(SUPPLIED DATA begins)

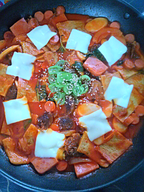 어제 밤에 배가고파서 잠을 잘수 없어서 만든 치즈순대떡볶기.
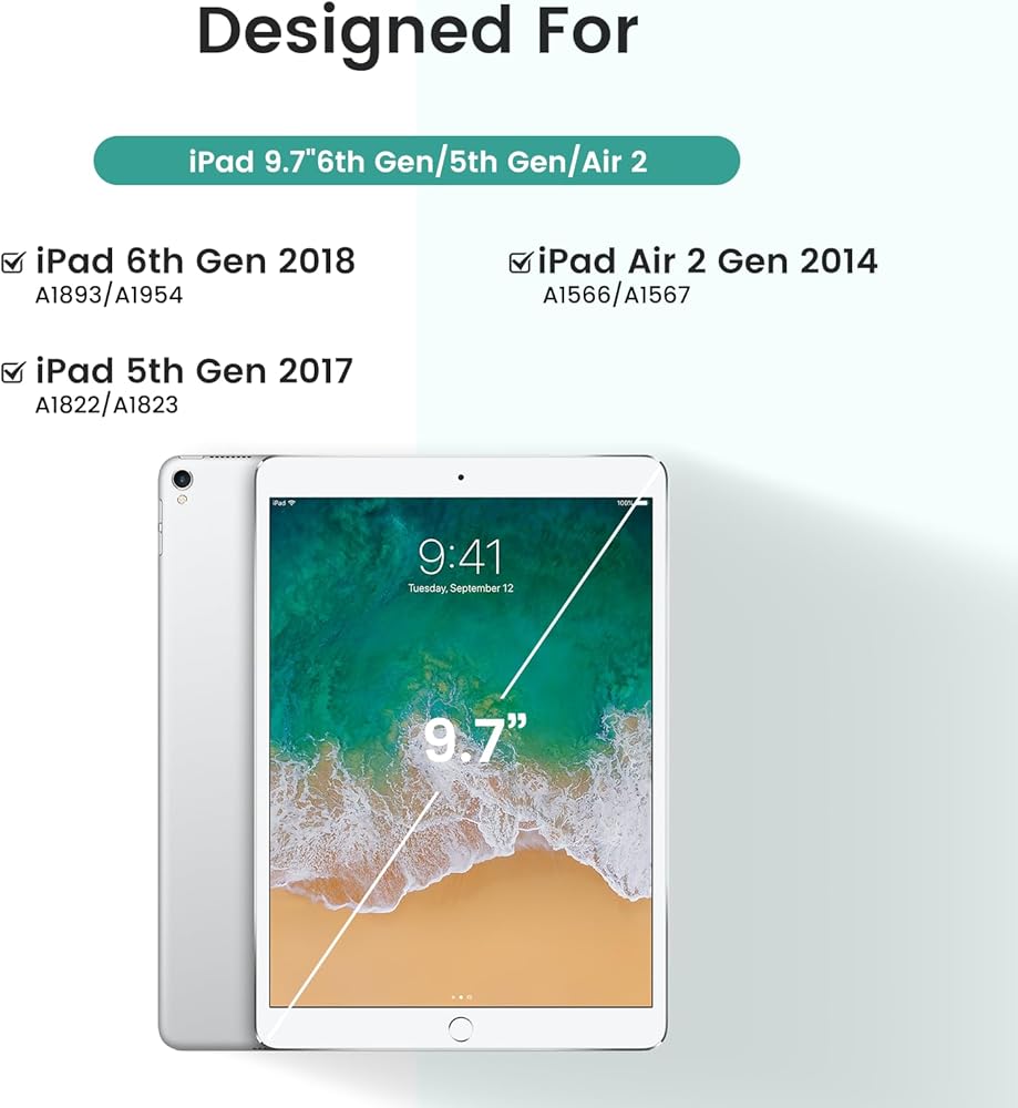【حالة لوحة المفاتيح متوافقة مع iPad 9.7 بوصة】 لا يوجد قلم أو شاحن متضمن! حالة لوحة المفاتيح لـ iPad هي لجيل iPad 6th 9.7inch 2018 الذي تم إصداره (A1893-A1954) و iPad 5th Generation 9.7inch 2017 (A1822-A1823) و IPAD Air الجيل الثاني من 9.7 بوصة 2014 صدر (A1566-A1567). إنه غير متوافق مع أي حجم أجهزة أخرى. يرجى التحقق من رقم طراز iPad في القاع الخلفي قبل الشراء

(SUPPLIED DATA ends)
(SUPPLIED DATA begins)

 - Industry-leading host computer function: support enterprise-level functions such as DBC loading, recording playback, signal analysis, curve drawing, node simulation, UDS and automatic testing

(SUPPLIED DATA ends)
(SUPPLIED DATA begins)

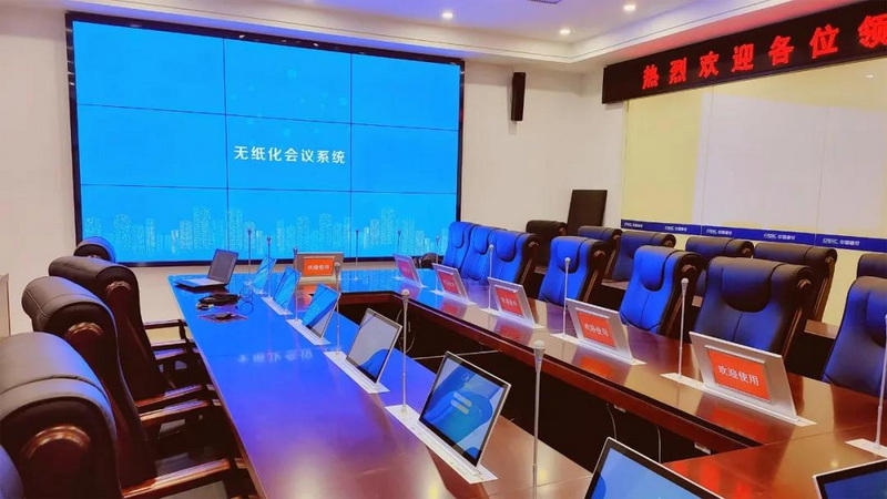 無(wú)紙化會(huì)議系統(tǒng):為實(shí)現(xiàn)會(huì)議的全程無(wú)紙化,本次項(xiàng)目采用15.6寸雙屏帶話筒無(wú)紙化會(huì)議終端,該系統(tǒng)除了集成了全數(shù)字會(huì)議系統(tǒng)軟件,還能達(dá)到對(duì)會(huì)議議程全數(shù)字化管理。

(SUPPLIED DATA ends)

### EXERCISE INSTRUCTIONS
Nothing but the lines from the one with "어제 밤에 배가고파서 잠을 잘수 없어서 만든 치즈순대떡볶기." to the one with "الخلفي قبل الشراء" above, both included, should be transcribed, exactly and without pictures.

### ANSWER TO THIS EXERCISE
 어제 밤에 배가고파서 잠을 잘수 없어서 만든 치즈순대떡볶기.
【حالة لوحة المفاتيح متوافقة مع iPad 9.7 بوصة】 لا يوجد قلم أو شاحن متضمن! حالة لوحة المفاتيح لـ iPad هي لجيل iPad 6th 9.7inch 2018 الذي تم إصداره (A1893-A1954) و iPad 5th Generation 9.7inch 2017 (A1822-A1823) و IPAD Air الجيل الثاني من 9.7 بوصة 2014 صدر (A1566-A1567). إنه غير متوافق مع أي حجم أجهزة أخرى. يرجى التحقق من رقم طراز iPad في القاع الخلفي قبل الشراء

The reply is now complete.